Class 12th

Fe? ³ + e? → Fe? ² E° = 0.77V
Zn (s) → Zn? ² + 2e? ; E° = 0.76V
Cell reaction: 2Fe? ³ + Zn → 2Fe? ² + Zn? ² E°cell = 1.53V
Ecell = E°cell - (0.059/2)log ( [Zn? ²] [Fe? ²]²/ [Fe? ³]²)
1.5 = 1.53 - (0.06/2)log (1 * [Fe? ²]²/ [Fe? ³]²)
-0.03 = -0.03 log ( [Fe? ²]/ [Fe? ³])²
1 = log ( [Fe? ²]/ [Fe? ³])² => [Fe? ²]/ [Fe? ³] = 10
Let total iron = T. [Fe? ³] + [Fe? ²] = T. [Fe? ³] + 10 [Fe? ³] = T. 11 [Fe? ³] = T.
fraction of Fe? ³ = [Fe? ³]/T = 1/11 ≈ 0.09
This solution seems to differ from the image. Let's follow the image's steps.
log ( [Fe? ²]/ [Fe? ³])² = 1 => ( [Fe? ²]/ [Fe? ³])² = 10
[Fe? ²]/ [Fe? ³] = √10 = 3.16. Then [Fe? ³]/ [Fe? ²] = 1/√10 = 0.316.

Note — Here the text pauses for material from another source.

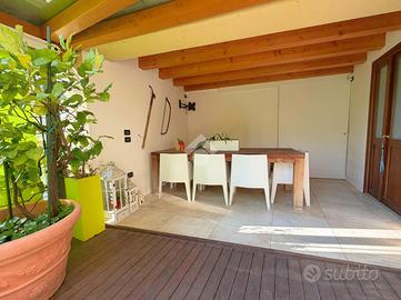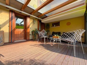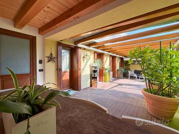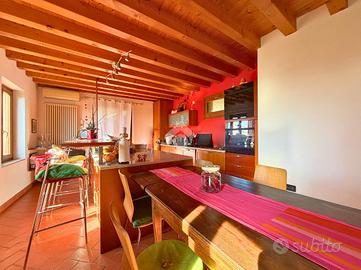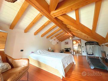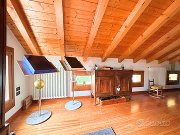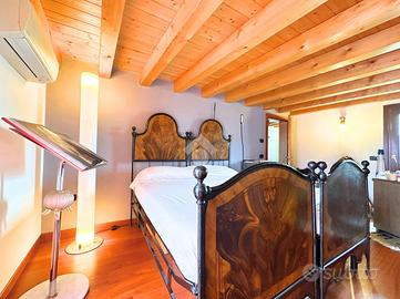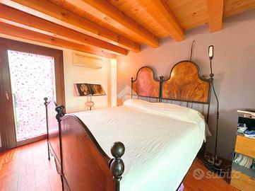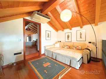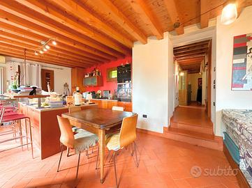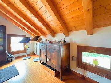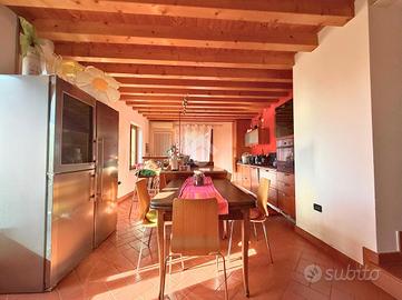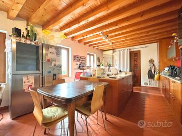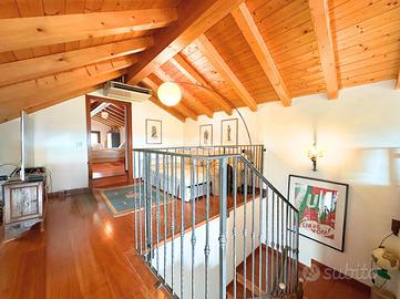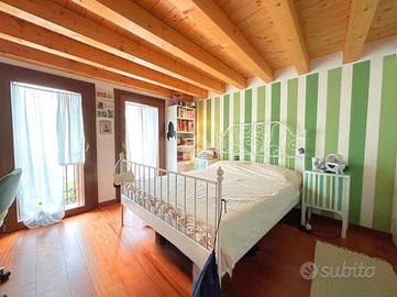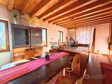 COLCERESA - In una splendida zona collinare che regala scorci panoramici suggestivi, proponiamo una porzione di villa bifamiliare di grande fascino, frutto di una ristrutturazione accurata che unisce comfort moderni e tradizione architettonica locale. L'ingresso avviene attraverso il portico che introduce alla luminosa zona giorno in open space, dove trovano spazio un'ampia cucina e un soggiorno caratterizzato dalla presenza di un camino a legna e con uscita diretta sul giardino. Lungo il disimpegno, al piano terra, incontriamo una camera, ad oggi usata come stanza relax, un bagno con doccia, la lavanderia e un ampio studio con accesso indipendente. Al piano superiore si sviluppa la zona notte, composta da due spaziose camere matrimoniali, entrambe pensate per garantire massima comodità, due bagni e un pratico ripostiglio. Salendo al piano mansardato si sviluppa un'ulteriore grande camera matrimoniale con cabina armadio e un ampio ambiente dedicato a studio, perfetto come spazio privato o lavorativo. A completare la proprietà troviamo un comodo garage con un'area di deposito ben organizzata e una cantina interrata, ideale come spazio di servizio o per appassionati di vini. La villa è stata oggetto di due interventi di ristrutturazione, la prima nel 2003, sul lato Sud, con impianto di riscaldamento a radiatori. A seguire, nel 2012, l'immobile è stato ampliato e in quest'area hanno introdotto un moderno impianto di riscaldamento a pavimento, per un comfort abitativo ancora più elevato. Le finiture rispecchiano lo stile autentico della zona: esterni in pietra e mattoni a vista, interni impreziositi da travature in legno che donano calore e carattere agli ambienti. L'immobile, grazie agli interventi effettuati, raggiunge la classe energetica B, rappresentando una soluzione ideale per chi cerca una residenza elegante e funzionale, immersa nel verde delle colline ma senza rinunciare alle comodità moderne. COME CONTATTARCI Chiamaci al numero contatt

fraction of [Fe? ³] = [Fe? ³]/ ( [Fe? ²] + [Fe? ³]) = 1/ (1 + [Fe? ²]/ [Fe? ³]) = 1/ (1+√10) = 1/4.16 = 0.24 = 24 * 10? ²

a = i + j + 2k
b = -i + 2j + 3k
a + b = 3j + 5k
a . b = -1 + 2 + 6 = 7
a * b = |i,  j,  k; 1, 2; -1, 2, 3| = -i - 5j + 3k
(a - b) * b) = (a * b) - (b * b) = a * b
(a * (a - b) * b) = a * (a * b) = (a . b)a - (a . a)b = 7a - 6b
. The expression becomes (a + b) * (7a - 6b) * b)
= (a + b) * (7 (a * b)
= 7 [ (a * (a * b) + (b * (a * b) ]
= 7 [ (7a - 6b) + (b . b)a - (b . a)b) ]
= 7 [ 7a - 6b + 14a - 7b ] = 7 (21a - 13b)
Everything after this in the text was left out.